---------- Data section

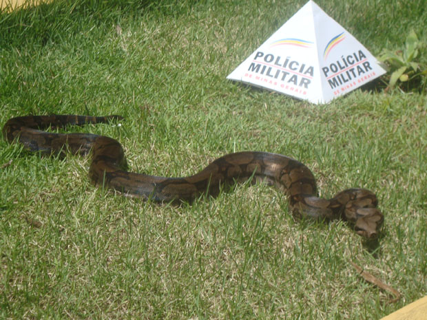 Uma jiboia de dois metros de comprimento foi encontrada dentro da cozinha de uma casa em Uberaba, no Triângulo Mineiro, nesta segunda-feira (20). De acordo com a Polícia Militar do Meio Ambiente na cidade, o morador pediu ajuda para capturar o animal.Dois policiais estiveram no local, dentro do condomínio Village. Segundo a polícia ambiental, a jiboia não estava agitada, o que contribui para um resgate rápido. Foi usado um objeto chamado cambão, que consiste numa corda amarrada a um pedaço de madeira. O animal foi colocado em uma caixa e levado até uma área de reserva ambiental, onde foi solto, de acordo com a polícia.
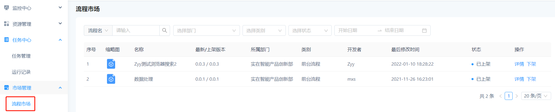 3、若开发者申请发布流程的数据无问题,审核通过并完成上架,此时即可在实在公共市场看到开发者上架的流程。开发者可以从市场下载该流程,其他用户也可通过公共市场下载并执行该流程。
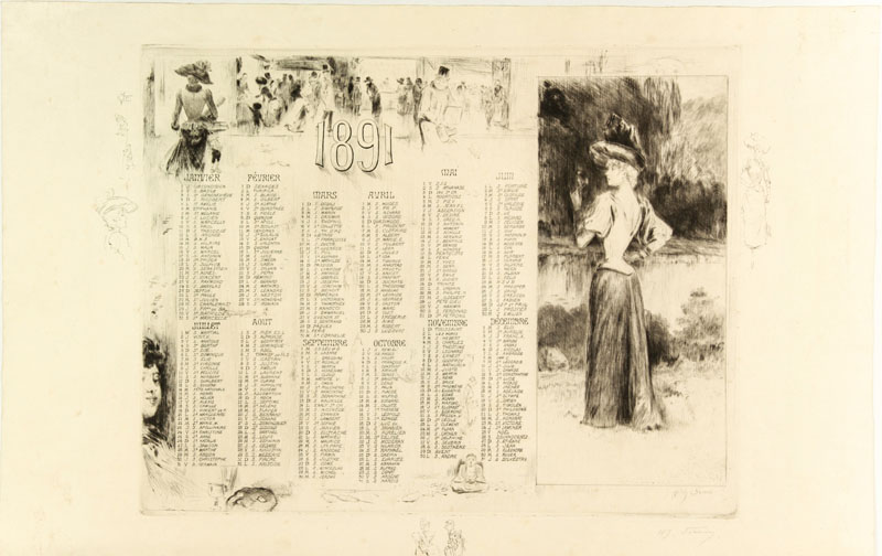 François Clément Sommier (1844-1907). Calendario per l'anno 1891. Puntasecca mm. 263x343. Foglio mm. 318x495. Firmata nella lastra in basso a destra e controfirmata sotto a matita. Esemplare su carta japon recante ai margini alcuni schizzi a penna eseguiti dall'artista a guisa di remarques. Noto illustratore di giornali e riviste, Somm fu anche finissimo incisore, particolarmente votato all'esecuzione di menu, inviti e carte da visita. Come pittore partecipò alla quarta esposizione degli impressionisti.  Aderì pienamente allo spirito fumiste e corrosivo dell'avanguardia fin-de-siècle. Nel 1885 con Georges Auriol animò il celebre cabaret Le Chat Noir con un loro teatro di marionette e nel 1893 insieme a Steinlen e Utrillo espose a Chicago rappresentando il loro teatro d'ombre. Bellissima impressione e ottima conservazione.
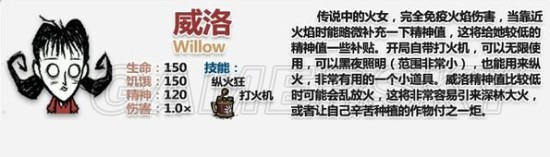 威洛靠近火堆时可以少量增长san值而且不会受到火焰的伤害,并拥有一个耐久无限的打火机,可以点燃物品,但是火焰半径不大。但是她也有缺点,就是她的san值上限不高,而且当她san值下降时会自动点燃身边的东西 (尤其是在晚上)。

--------------------

» **What the exercise asks**:
Output the full material exactly as given, without its pictures.

» **Your solution**:
 Uma jiboia de dois metros de comprimento foi encontrada dentro da cozinha de uma casa em Uberaba, no Triângulo Mineiro, nesta segunda-feira (20). De acordo com a Polícia Militar do Meio Ambiente na cidade, o morador pediu ajuda para capturar o animal.Dois policiais estiveram no local, dentro do condomínio Village. Segundo a polícia ambiental, a jiboia não estava agitada, o que contribui para um resgate rápido. Foi usado um objeto chamado cambão, que consiste numa corda amarrada a um pedaço de madeira. O animal foi colocado em uma caixa e levado até uma área de reserva ambiental, onde foi solto, de acordo com a polícia.
 3、若开发者申请发布流程的数据无问题,审核通过并完成上架,此时即可在实在公共市场看到开发者上架的流程。开发者可以从市场下载该流程,其他用户也可通过公共市场下载并执行该流程。
 François Clément Sommier (1844-1907). Calendario per l'anno 1891. Puntasecca mm. 263x343. Foglio mm. 318x495. Firmata nella lastra in basso a destra e controfirmata sotto a matita. Esemplare su carta japon recante ai margini alcuni schizzi a penna eseguiti dall'artista a guisa di remarques. Noto illustratore di giornali e riviste, Somm fu anche finissimo incisore, particolarmente votato all'esecuzione di menu, inviti e carte da visita. Come pittore partecipò alla quarta esposizione degli impressionisti.  Aderì pienamente allo spirito fumiste e corrosivo dell'avanguardia fin-de-siècle. Nel 1885 con Georges Auriol animò il celebre cabaret Le Chat Noir con un loro teatro di marionette e nel 1893 insieme a Steinlen e Utrillo espose a Chicago rappresentando il loro teatro d'ombre. Bellissima impressione e ottima conservazione.
 威洛靠近火堆时可以少量增长san值而且不会受到火焰的伤害,并拥有一个耐久无限的打火机,可以点燃物品,但是火焰半径不大。但是她也有缺点,就是她的san值上限不高,而且当她san值下降时会自动点燃身边的东西 (尤其是在晚上)。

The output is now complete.